Any organization that designs a system (defined broadly) will produce a design whose structure is a copy of the organization's communication structure.


Precisely. But this is how it should be. The service is a part of the team, but automating the "mundane things" that people can delegate to machines, instead of doing them manually themselves.

This is why, BTW, I'm so dismayed Elon Must fired 85% of Twitter. Now many of their critical services have teams of zero or one developer. Those are basically dead services walking.


> Precisely. But this is how it should be. The service is a part of the team, but automating the "mundane things" that people can delegate to machines, instead of doing them manually themselves.

The organization is often not reflective of what’s actually being achieved. Instead of Catalog, Offer, Order and Shipment you have Alice’s org, Bob’s org and Charlie’s org. If you encode the interfaces between these (impermanent) group boundaries rather than the conceptual boundaries you enter a world of pain.

Charlie might own Order and Shipment because Charlie is the warehouse exec and 20 years ago, when only physical items were sold, all of the order-processing computers were located in a cage in the warehouse. Fast forward to today and the cage is gone, and the order processing system handles digital items and services in addition to physical goods. But good old Charlie still owns the Order and Shipment system because they were baked together 20 years ago.

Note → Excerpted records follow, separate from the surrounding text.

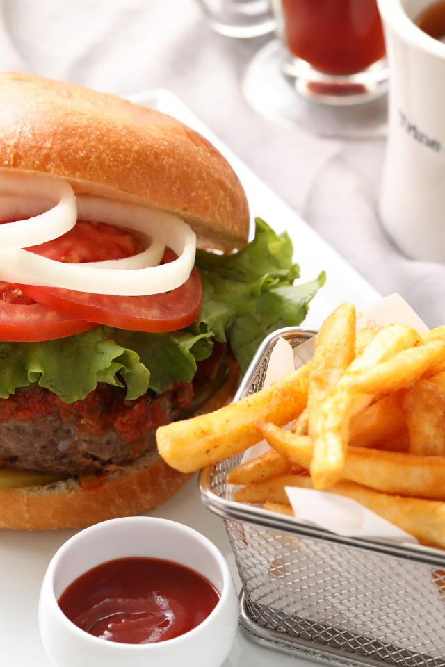 Wallpaper Hamburger with French fries and sauce
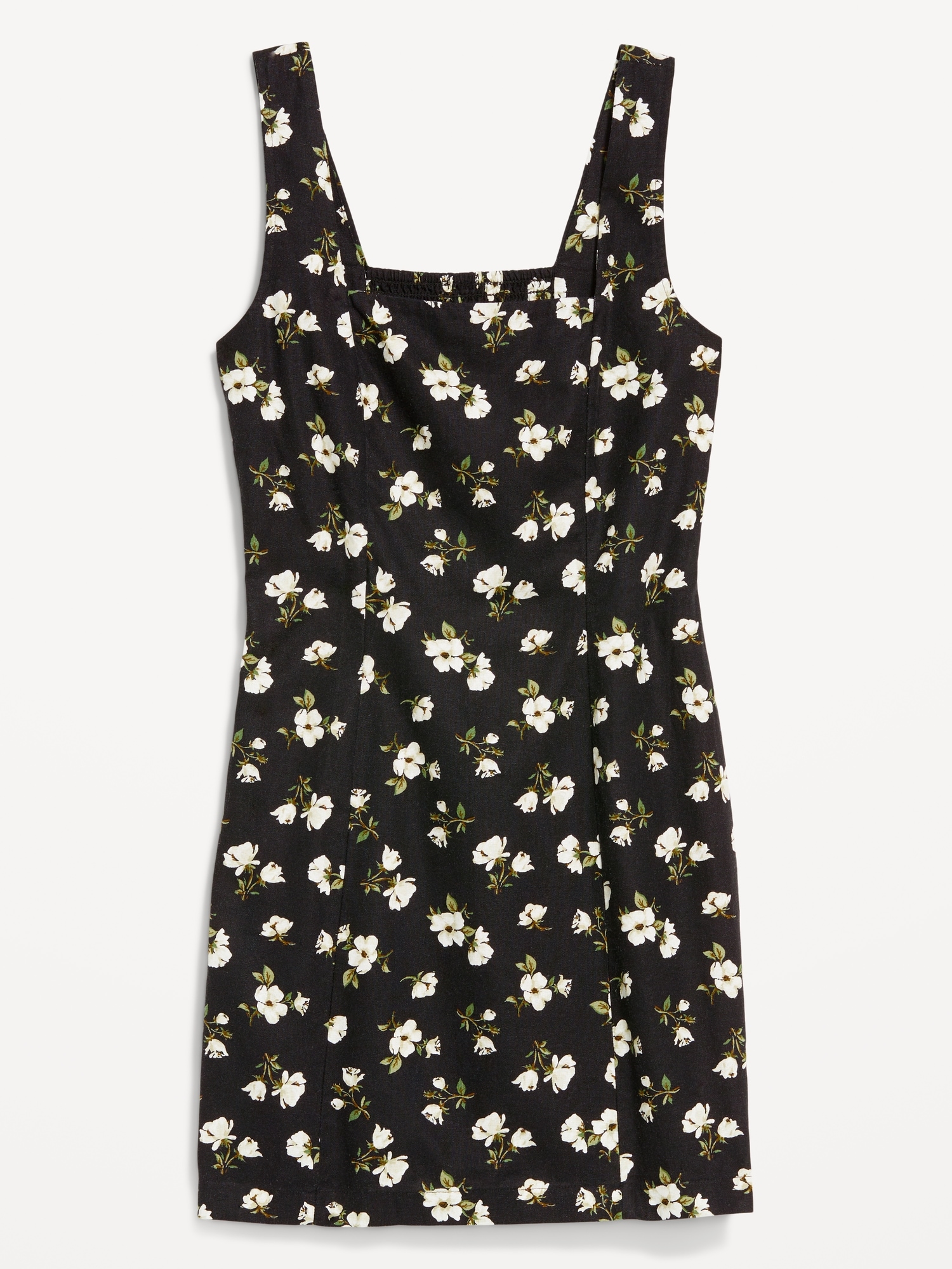 Square-Neck Linen-Blend Floral Mini Dress: square neck, wide straps, smocked back, princess seams, mini length, gingham print, #708450
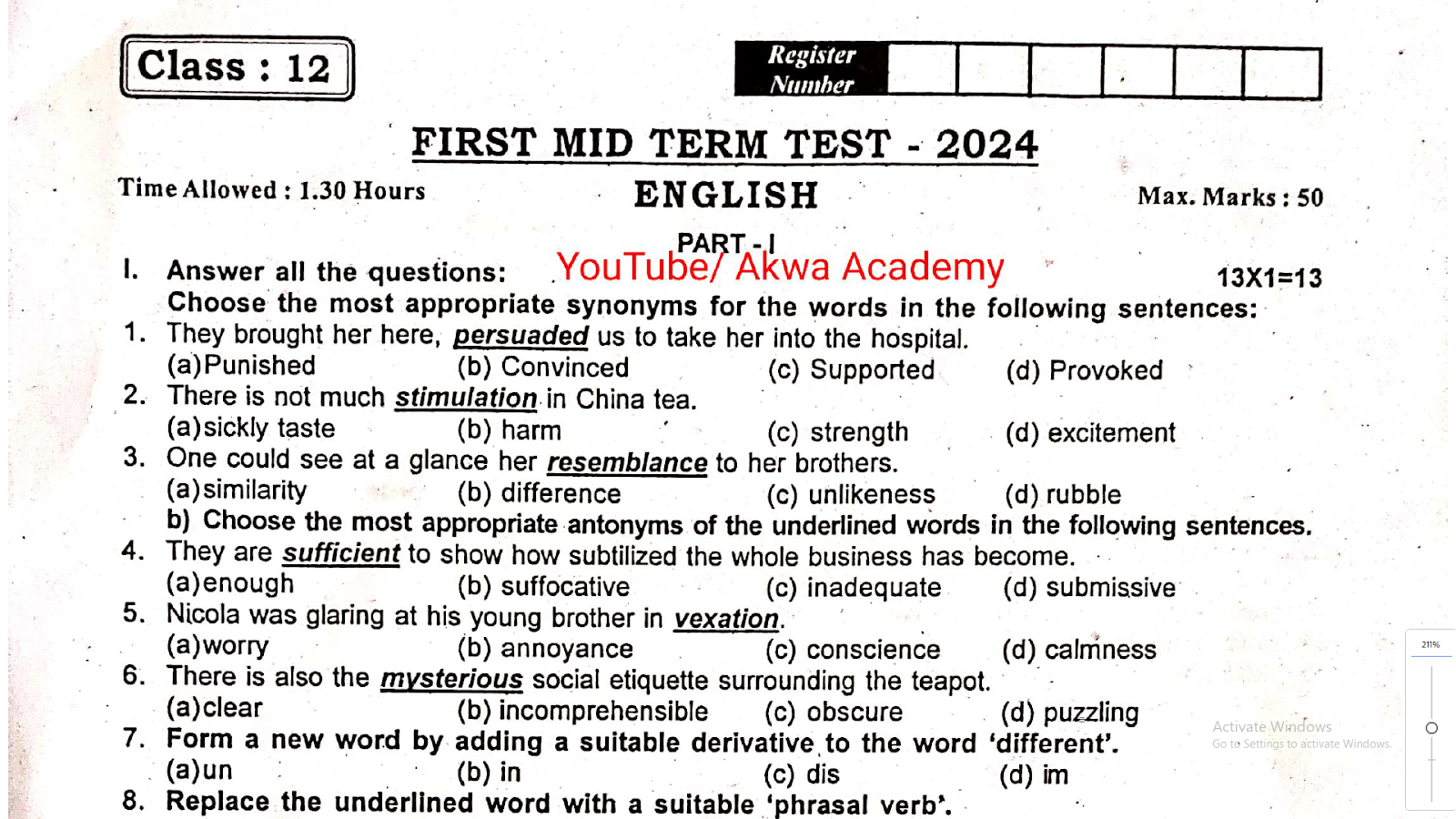 | Topic | 12th English First Mid Term Test Question Paper 2024 Tirupathur Dt |

This is true, but I think things like DDD provide an antidote (or at least, some pressure to organize along different dimensions).

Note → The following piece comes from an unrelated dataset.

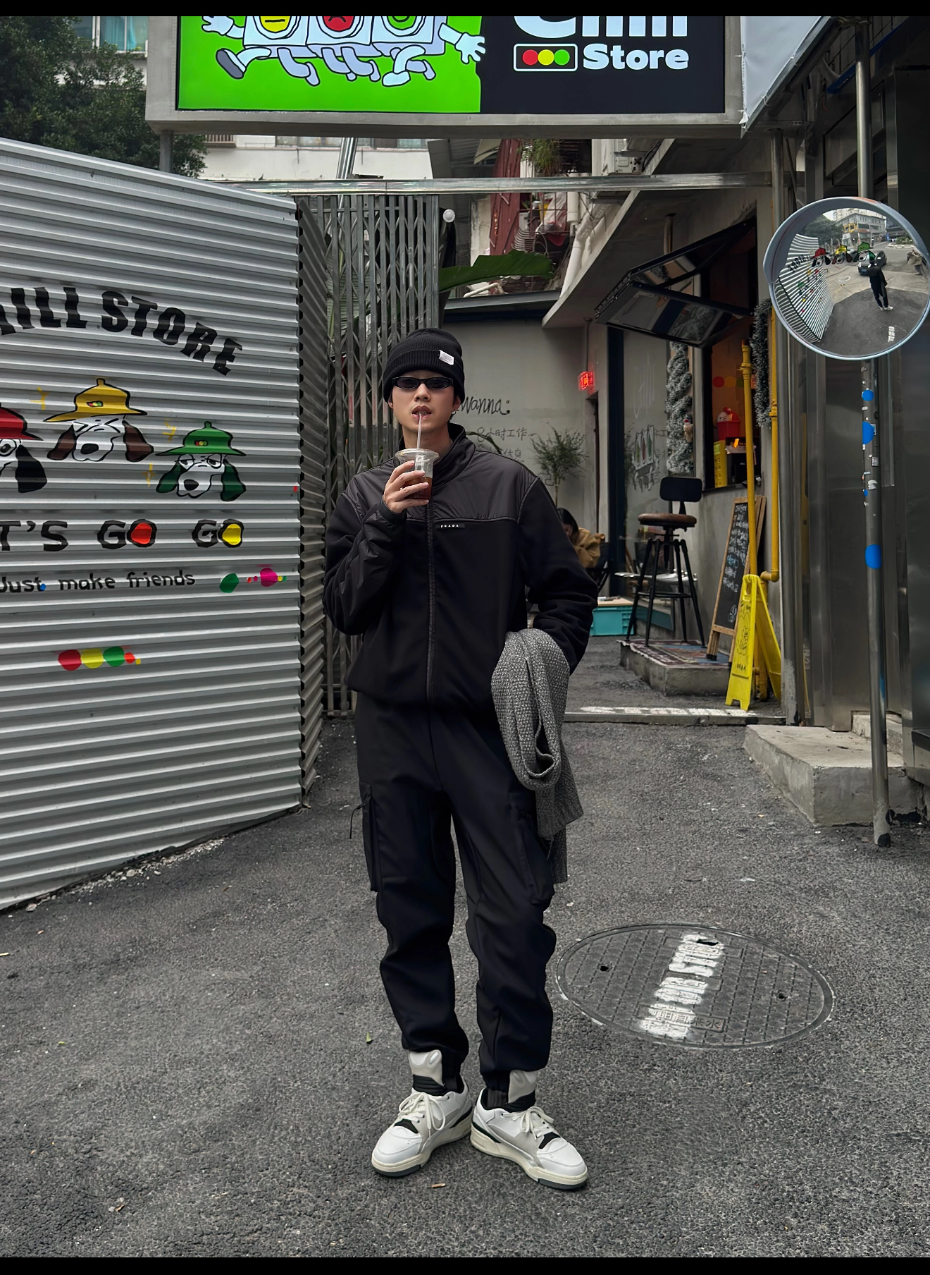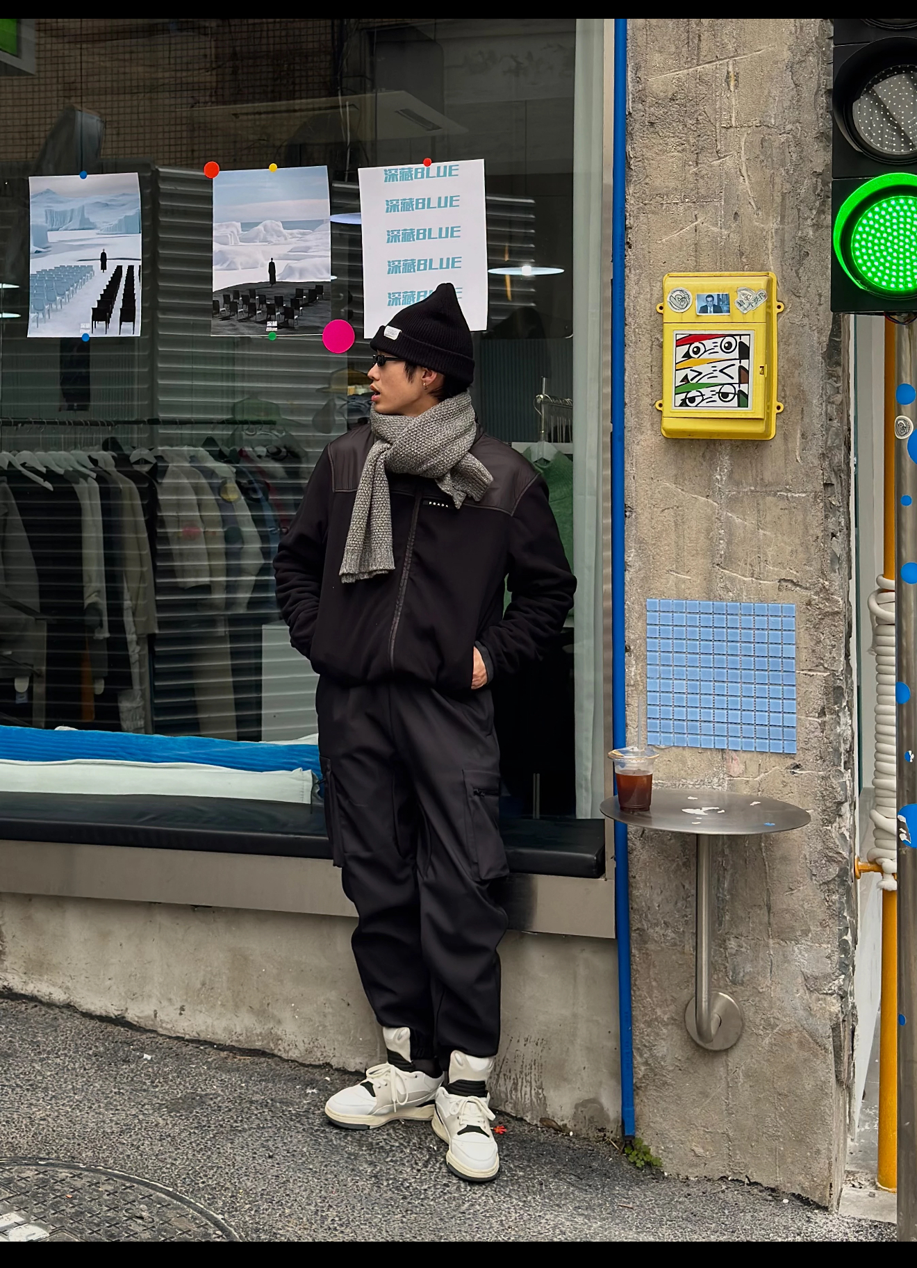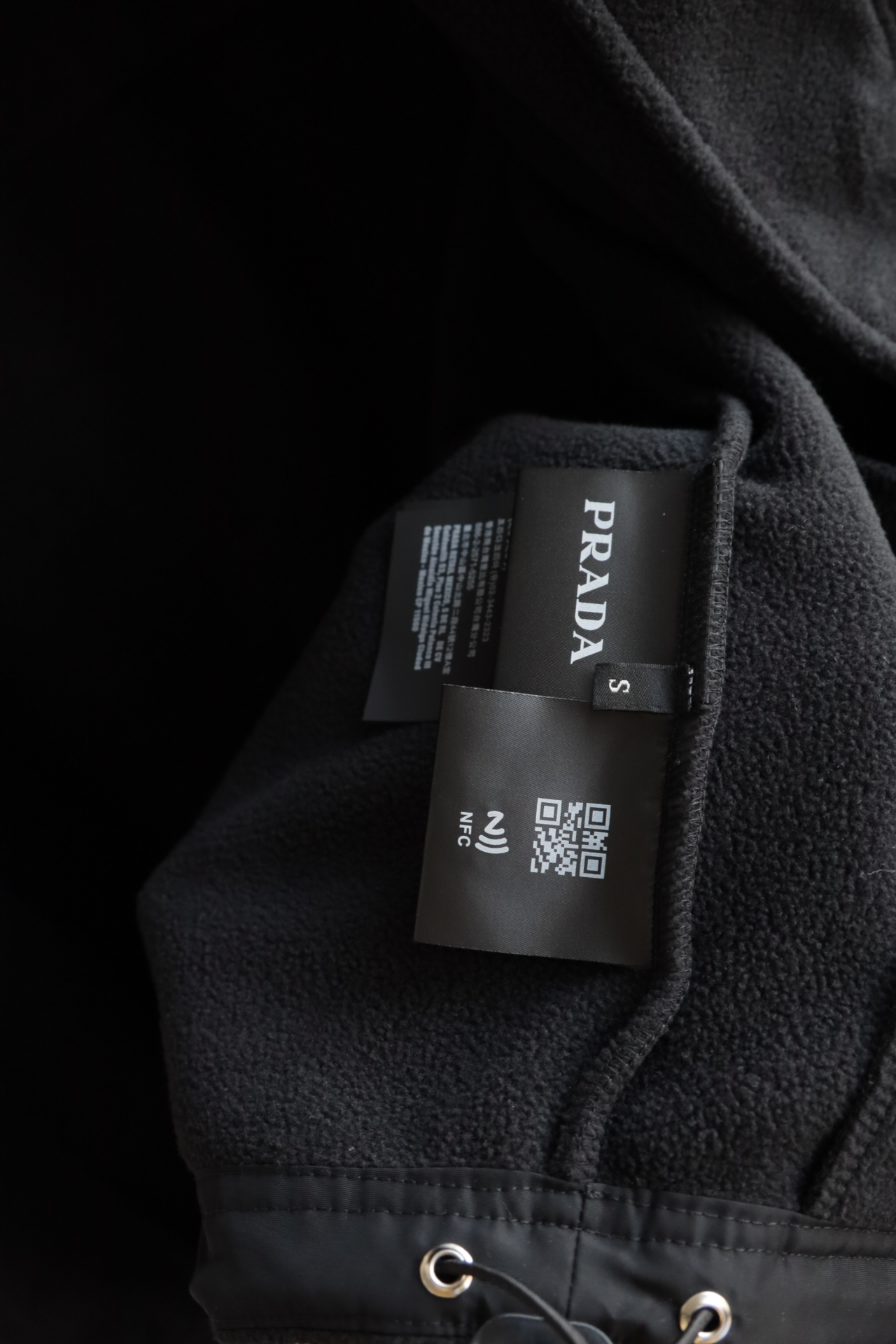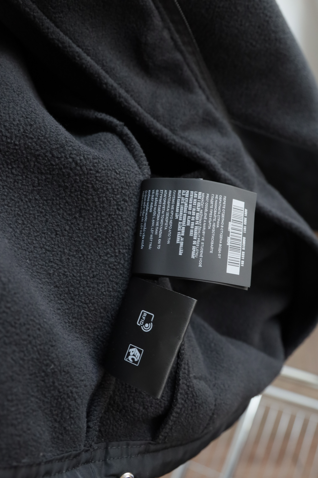 上下尼龙拼接摇粒绒设计,很有亮点,胸口铭牌LOGO点缀

If you are explicitly talking about business domains and bounded contexts, then you can see areas where the Alice/Bob split is not optimal (typically, lots of team coupling across org boundaries). Without those concepts I think it is easier to justify arbitrary political/territorial org structures.

There is no panacea; one can always provide contorted justifications for things. But I think having a framework really helps, and particularly, having one that includes business stakeholders and not just pure technical functions.


"Microservices" are not just an acknowledgement of this law, they are a full blown exploitation of it. They are (supposed to be?) literal implementations of your organisation's boundaries/domains.


Would you have the quote on that? I'm curious.

In my opinion, Microservices is an implementation detail, and the extend to which DDD principles are applied is about people and ownership.


Interested in having the quote as well, and ideally the presentation/keynote/interview that came with it.

From my experience, breaking down a monolith without first identifying and isolating its bounded contexts (as in DDD) is a recipe for disaster. With your domains completely entangled in a single codebase, you won't pull only what you want and you will have to bring a lot of undesired code, behaviours and side effects with it.

The safest recipe, in my opinion, is to break down your monolith in bounded contexts (or ideally, to have focused on it from the start), so you can better reason and understand the advantages and trade-offs of moving each specific domain and responsibilities out of your unique codebase.

I saw often teams being motivated in moving their code out of a legacy codebase because of the huge technical debt, but they were bound to suffer a death of a thousand cuts by just bring the same debt in a new service, and adding network constraints on top.


> Microservices is an implementation detail

It is. But it's a very strong one, where it's harder to blur the boundaries because you're putting your code into a service or another.

And that's the advantage. Not because it's easier to apply correctly. But because it's harder to do it badly.

And if you do it badly, it will show and the product performance will be a mess.


Indeed, Uber re-discovered Bounded Contexts not that long ago:

https://www.uber.com/blog/microservice-architecture/

(Though only after they felt the pain of thousands of disorganized services.)


Did he elaborate on how big he thought the team needed to be before microservices were required for DDD?


No plan survives contact with the enemy. But without a plan, neither will you.